**TRY IT**
The answer should be an exact repeat of the stretch of material below from the line containing "Lineup: Country Joe" through the line containing "Apesar de todas".

*** Opening SUPPLIED MATERIAL ***

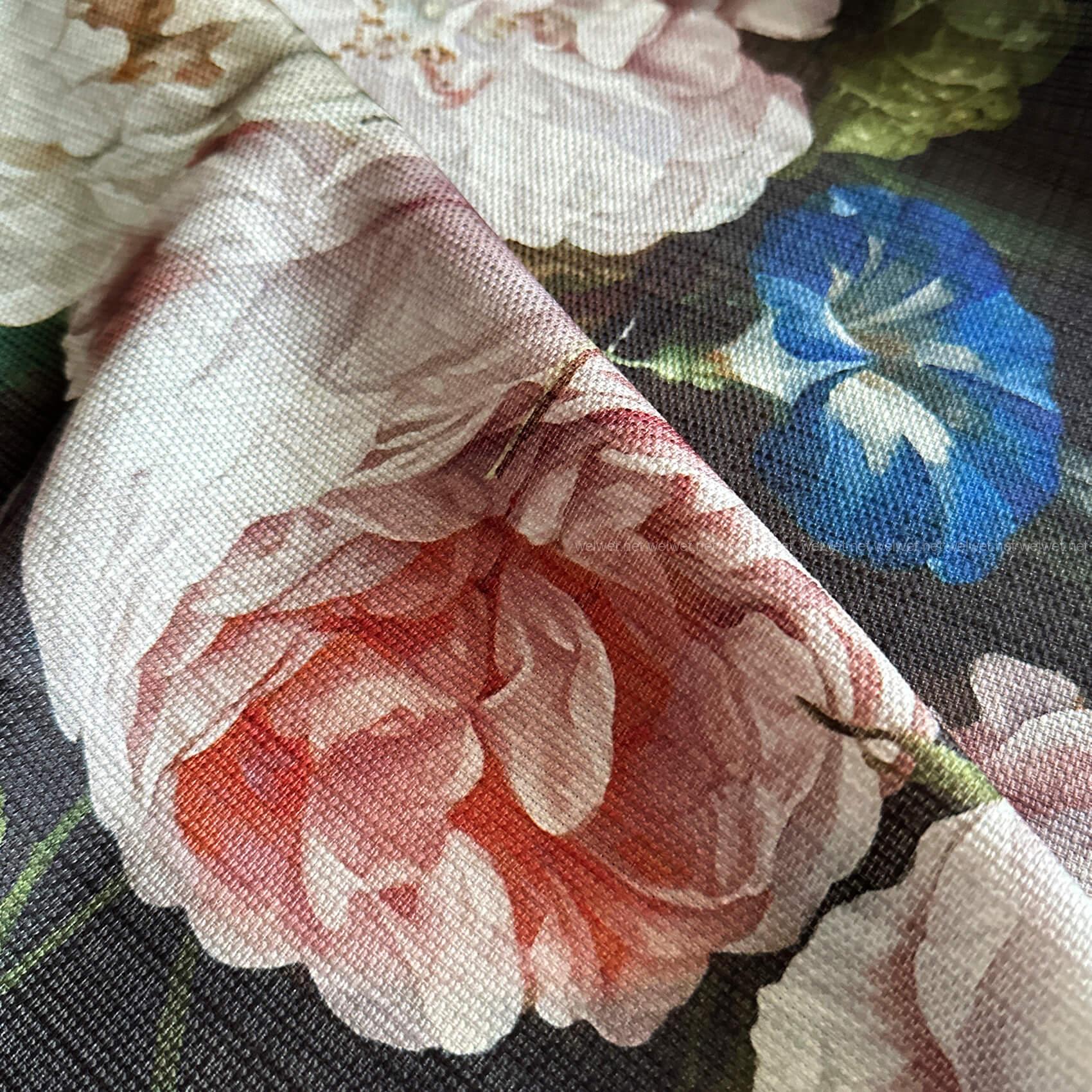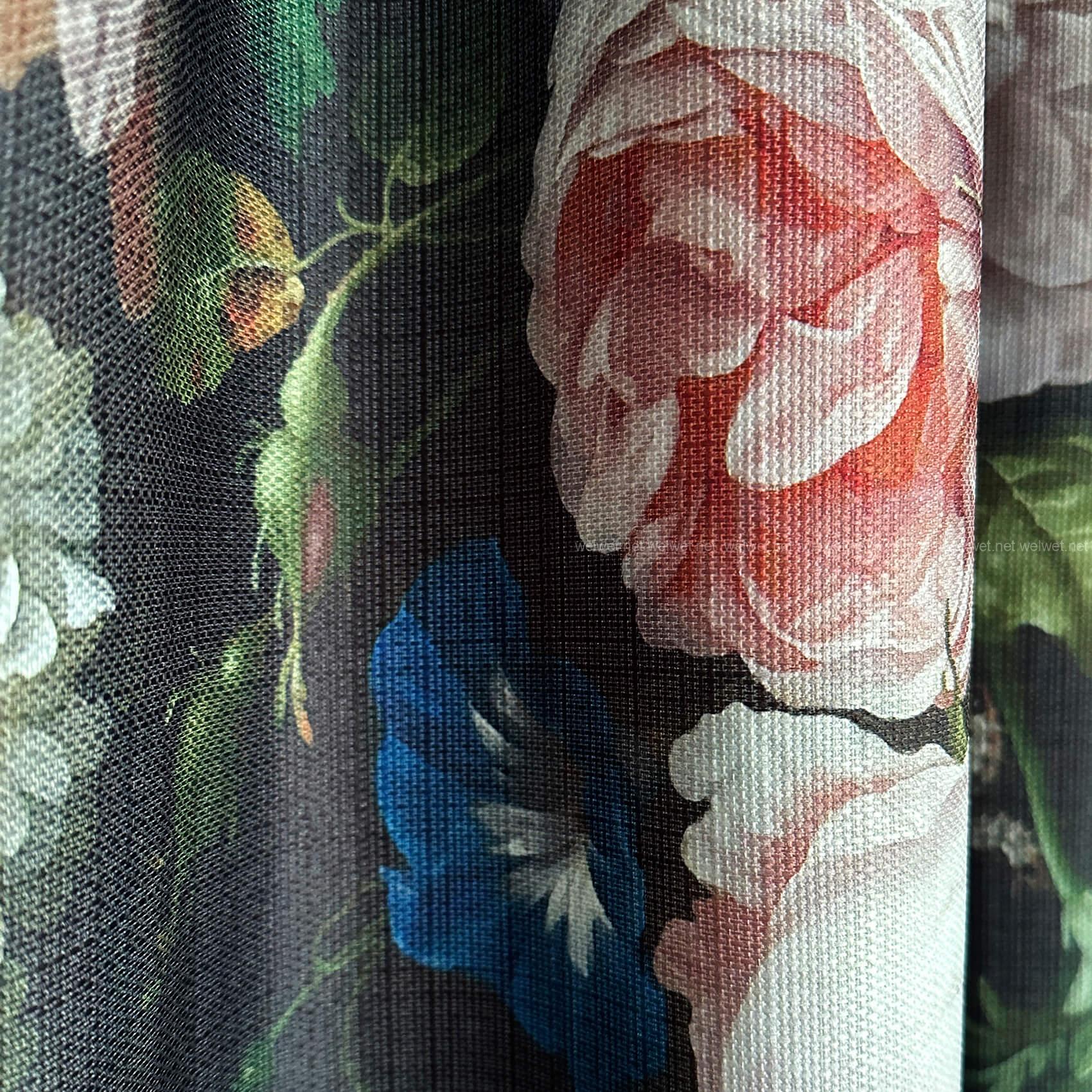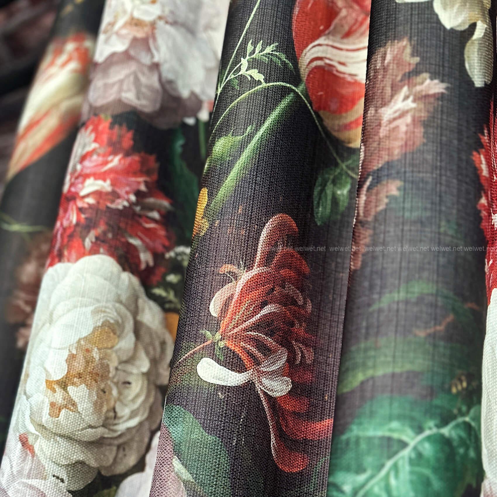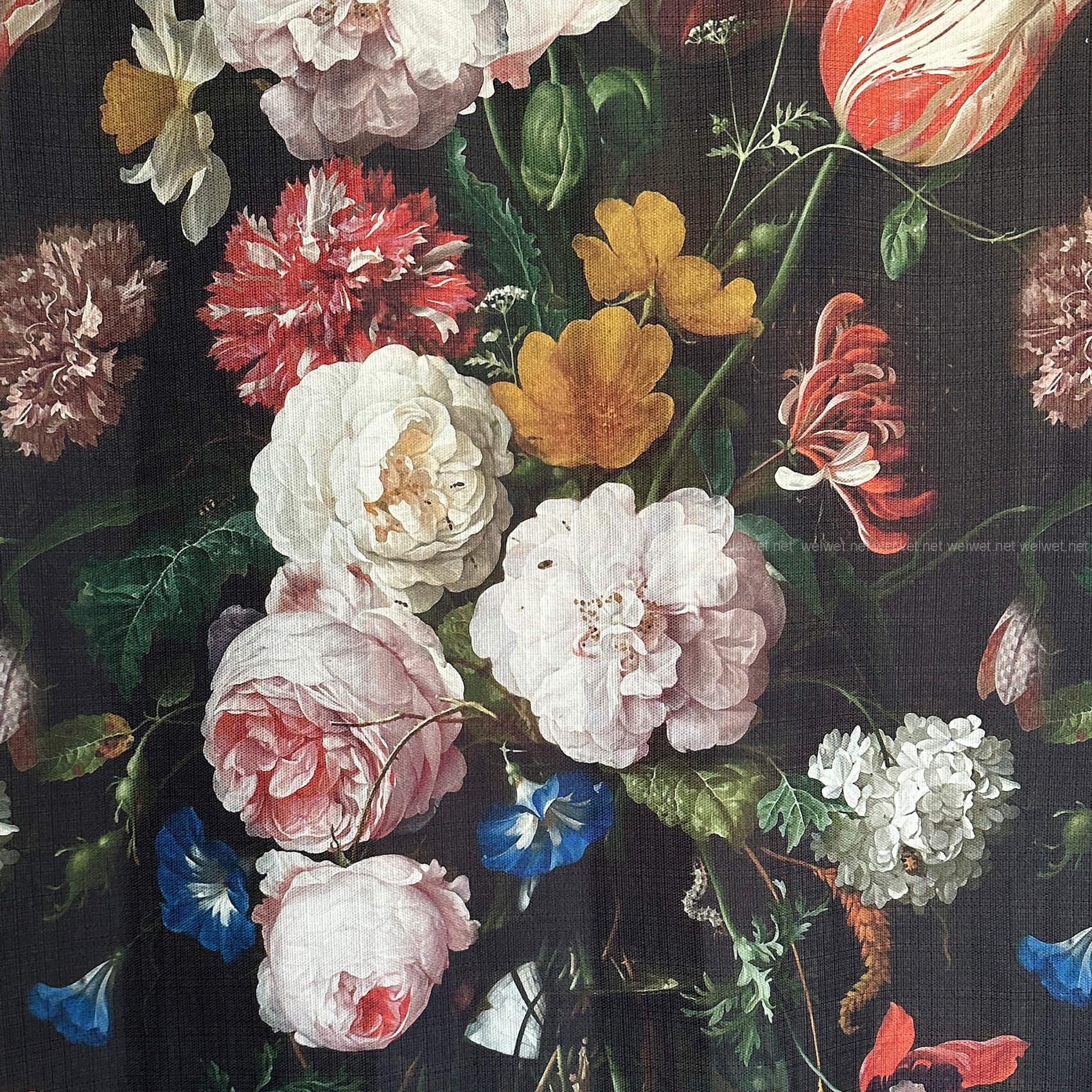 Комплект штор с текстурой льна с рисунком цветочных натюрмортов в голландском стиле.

*** Closing SUPPLIED MATERIAL ***
*** Opening SUPPLIED MATERIAL ***

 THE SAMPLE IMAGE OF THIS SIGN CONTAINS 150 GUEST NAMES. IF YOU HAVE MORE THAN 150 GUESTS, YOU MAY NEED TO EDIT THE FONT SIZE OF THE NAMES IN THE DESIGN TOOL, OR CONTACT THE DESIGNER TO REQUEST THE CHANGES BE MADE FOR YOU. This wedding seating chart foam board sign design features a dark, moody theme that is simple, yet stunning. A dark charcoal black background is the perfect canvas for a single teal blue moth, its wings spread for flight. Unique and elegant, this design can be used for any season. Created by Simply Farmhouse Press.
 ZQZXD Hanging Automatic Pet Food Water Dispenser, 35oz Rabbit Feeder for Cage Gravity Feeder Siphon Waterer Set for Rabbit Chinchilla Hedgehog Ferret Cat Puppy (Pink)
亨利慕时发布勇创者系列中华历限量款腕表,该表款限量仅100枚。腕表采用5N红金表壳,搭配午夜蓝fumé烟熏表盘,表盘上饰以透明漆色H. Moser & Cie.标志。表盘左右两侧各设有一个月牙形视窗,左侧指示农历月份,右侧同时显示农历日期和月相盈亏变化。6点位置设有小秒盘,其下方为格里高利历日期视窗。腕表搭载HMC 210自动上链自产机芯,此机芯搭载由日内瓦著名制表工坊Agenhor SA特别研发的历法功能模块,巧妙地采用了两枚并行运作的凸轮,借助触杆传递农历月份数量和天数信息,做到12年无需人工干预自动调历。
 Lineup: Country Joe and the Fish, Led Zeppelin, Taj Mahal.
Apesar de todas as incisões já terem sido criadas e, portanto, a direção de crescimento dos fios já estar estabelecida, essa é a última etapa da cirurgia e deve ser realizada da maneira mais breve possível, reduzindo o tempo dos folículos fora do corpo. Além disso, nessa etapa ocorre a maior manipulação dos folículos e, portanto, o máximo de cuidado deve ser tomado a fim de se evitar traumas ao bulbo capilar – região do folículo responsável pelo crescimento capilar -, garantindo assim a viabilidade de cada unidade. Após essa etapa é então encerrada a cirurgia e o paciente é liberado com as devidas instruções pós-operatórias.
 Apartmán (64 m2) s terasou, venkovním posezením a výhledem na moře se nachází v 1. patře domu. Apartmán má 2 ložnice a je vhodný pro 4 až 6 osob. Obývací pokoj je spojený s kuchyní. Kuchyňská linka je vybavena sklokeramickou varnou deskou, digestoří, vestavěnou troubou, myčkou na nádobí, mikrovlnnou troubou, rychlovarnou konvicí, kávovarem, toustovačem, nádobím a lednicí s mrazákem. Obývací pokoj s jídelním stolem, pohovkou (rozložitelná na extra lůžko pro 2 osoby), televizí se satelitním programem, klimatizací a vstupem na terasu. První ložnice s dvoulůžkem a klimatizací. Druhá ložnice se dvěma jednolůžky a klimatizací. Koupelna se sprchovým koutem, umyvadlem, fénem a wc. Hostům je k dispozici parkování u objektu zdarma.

*** Closing SUPPLIED MATERIAL ***

**RESPONSE BOX**
 Lineup: Country Joe and the Fish, Led Zeppelin, Taj Mahal.
Apesar de todas as incisões já terem sido criadas e, portanto, a direção de crescimento dos fios já estar estabelecida, essa é a última etapa da cirurgia e deve ser realizada da maneira mais breve possível, reduzindo o tempo dos folículos fora do corpo. Além disso, nessa etapa ocorre a maior manipulação dos folículos e, portanto, o máximo de cuidado deve ser tomado a fim de se evitar traumas ao bulbo capilar – região do folículo responsável pelo crescimento capilar -, garantindo assim a viabilidade de cada unidade. Após essa etapa é então encerrada a cirurgia e o paciente é liberado com as devidas instruções pós-operatórias.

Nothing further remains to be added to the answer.